Kadanoff-GNN-RG — ML-Augmented Renormalization Group

Kadanoff-GNN-RG is public alpha research software for combining symmetry-adapted real-space coarse-graining, periodic four-color Metropolis spin configurations, typed-edge graph neural networks, calibrated phase classification, empirical RG-flow reconstruction, and finite-grid fixed-point candidate discovery in the square-lattice antiferromagnetic J1–J2 Ising model.

The workflow preserves uniform, Néel, and stripe ordering channels before blocking and compares learned representations with majority-rule baselines and conventional observables. Phase boundaries and fixed-point outputs are finite-size, sampler-dependent, and representation-dependent estimates; scientific use requires autocorrelation analysis, finite-size scaling, held-out seeds, parameter-grid refinement, Binder-cumulant and susceptibility checks, and robustness across coarse-graining choices.

Kupcinet–Getz Reaction–Diffusion AI

This public v0.3 research release develops a solver-faithful scientific-AI benchmark for nonlinear chemical oscillators, traveling waves, and synthetic morphogenesis. It combines shared reaction-network and graph-compartment models with RK4, BDF/Radau/LSODA/RK45, explicit finite differences, chemical-Langevin dynamics, Gillespie SSA, spatial RDME, physical convergence audits, scientific-AI baselines, calibration, abstention, matched-compute evaluation, and immutable evidence manifests.

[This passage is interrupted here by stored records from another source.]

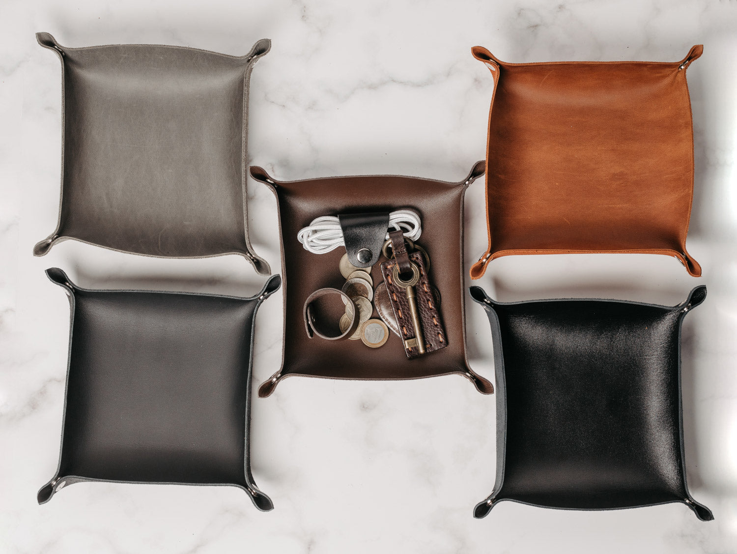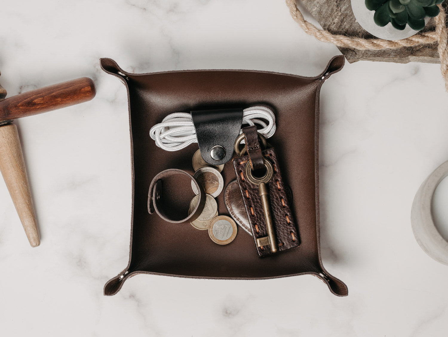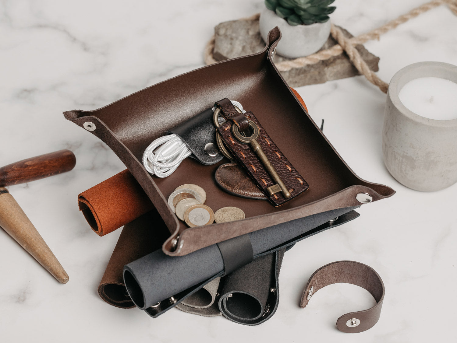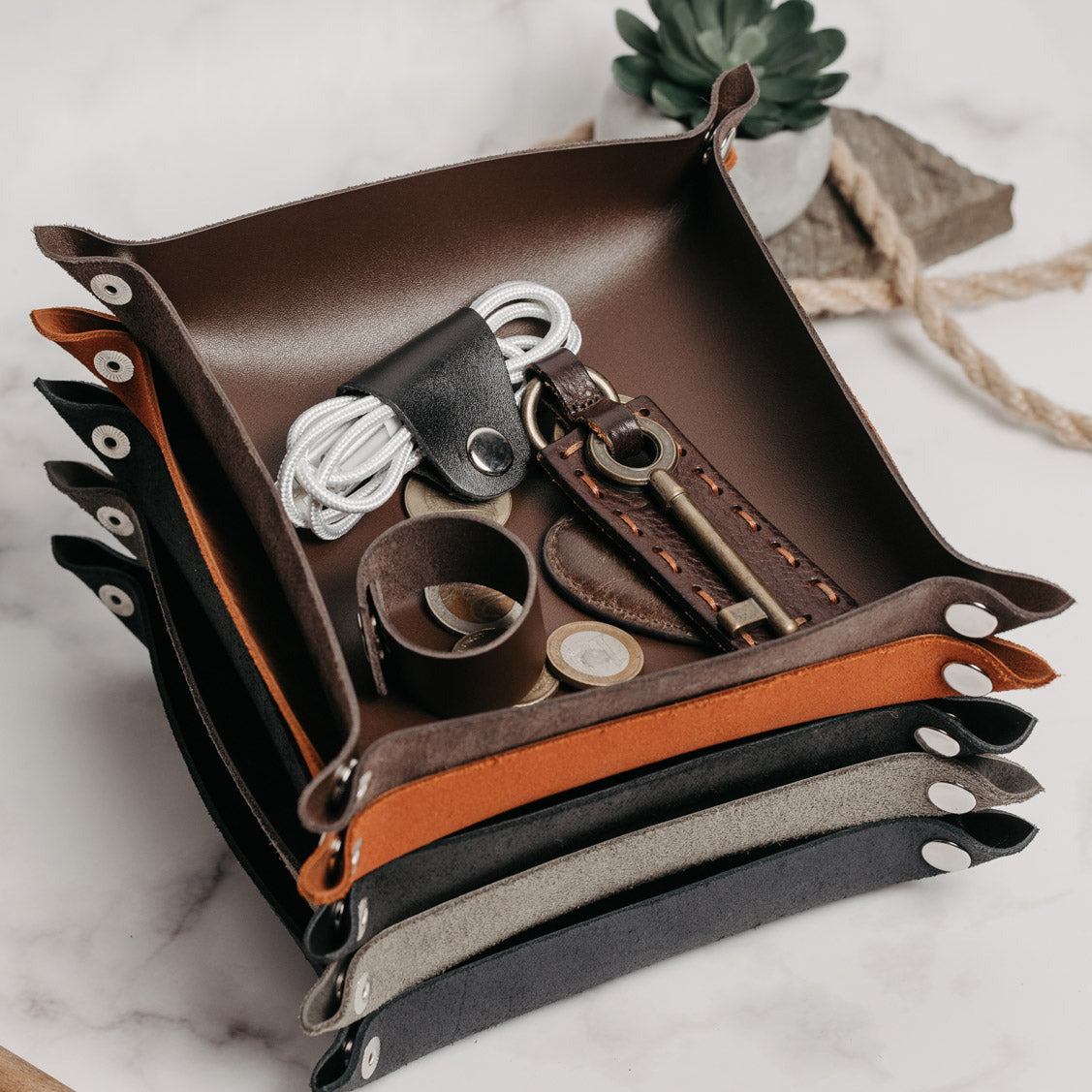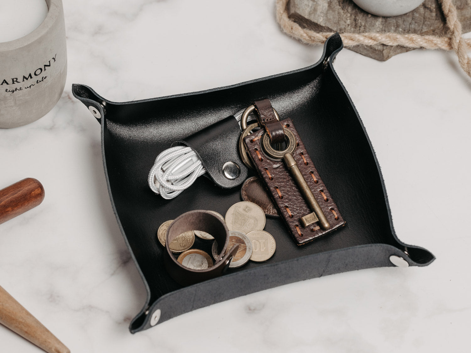 - Кожна підставка має неповторну фактуру шкіри з природними переходами відтінків. Вона може стати корисним і доречним подарунком для дому або пари – для зберігання обручок чи аксесуарів.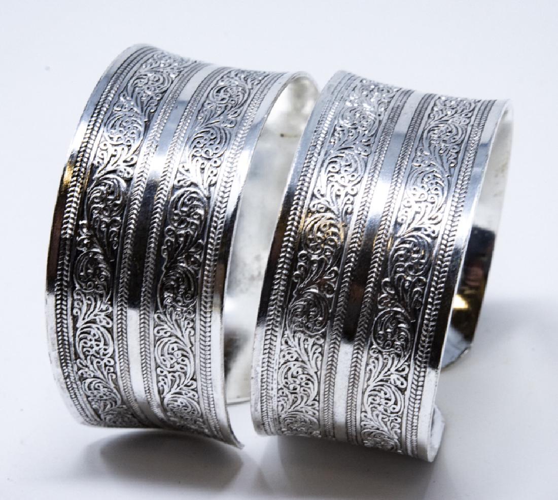 Pair of Scrollwork Motif Silver Cuff Bracelets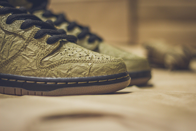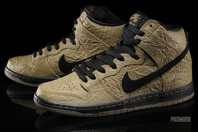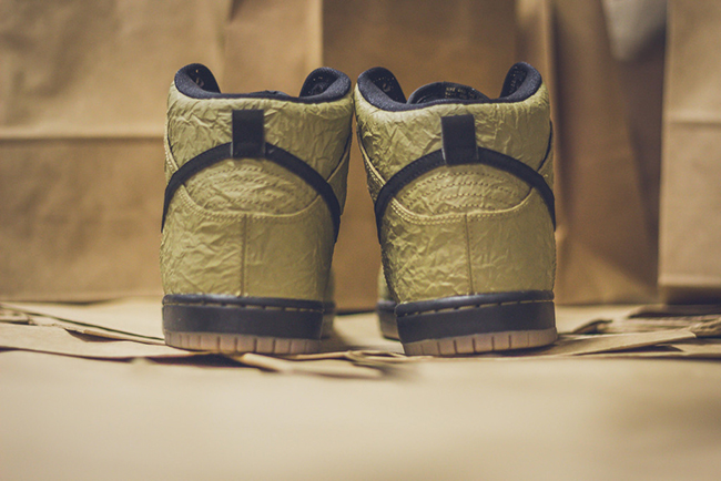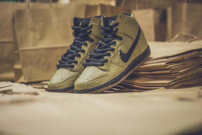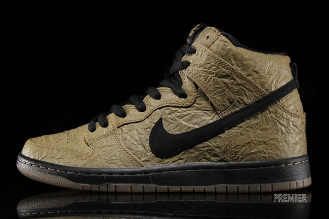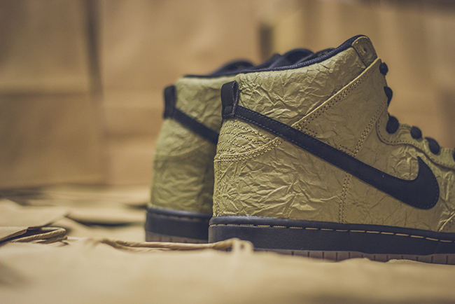 For those that want to grab their size in the ‘Paper Bag’ Nike Dunk SB High, they are now available at Premier. Other Nike SB retailers should have this model in the next week or so. Retail price is $110. To see a few more images of the shoes, scroll down.

The central question is whether numerical representation and intrinsic reaction noise change inferred morphology, phase boundaries, or scientific-AI confidence. Current headline claims remain untested or partial: smoke runs establish execution contracts only, not paper-figure reproduction, chemical validation, or completed benchmark conclusions. Production evidence, release authority, and independent clean-room validation remain explicit gates.

DFT → kMC — Auditable Multiscale Reaction Kinetics

The public implementation scaffold parses Gaussian and ORCA thermochemistry, checks stationary points and imaginary frequencies, converts activation Gibbs free energies into forward and reverse Eyring rates, compiles exact stochastic propensities, runs reproducible Gillespie kinetic-Monte-Carlo ensembles, compares solvent pathways, and records resolved configurations, package versions, hashes, uncertainty outputs, and human-readable reports.

The bundled five-solvent example is synthetic and demonstrates software contracts rather than reproduction of the original historical project. Original molecular structures, target identity, raw quantum-chemistry outputs, unpublished mechanism, and non-public research data are deliberately excluded from the public release.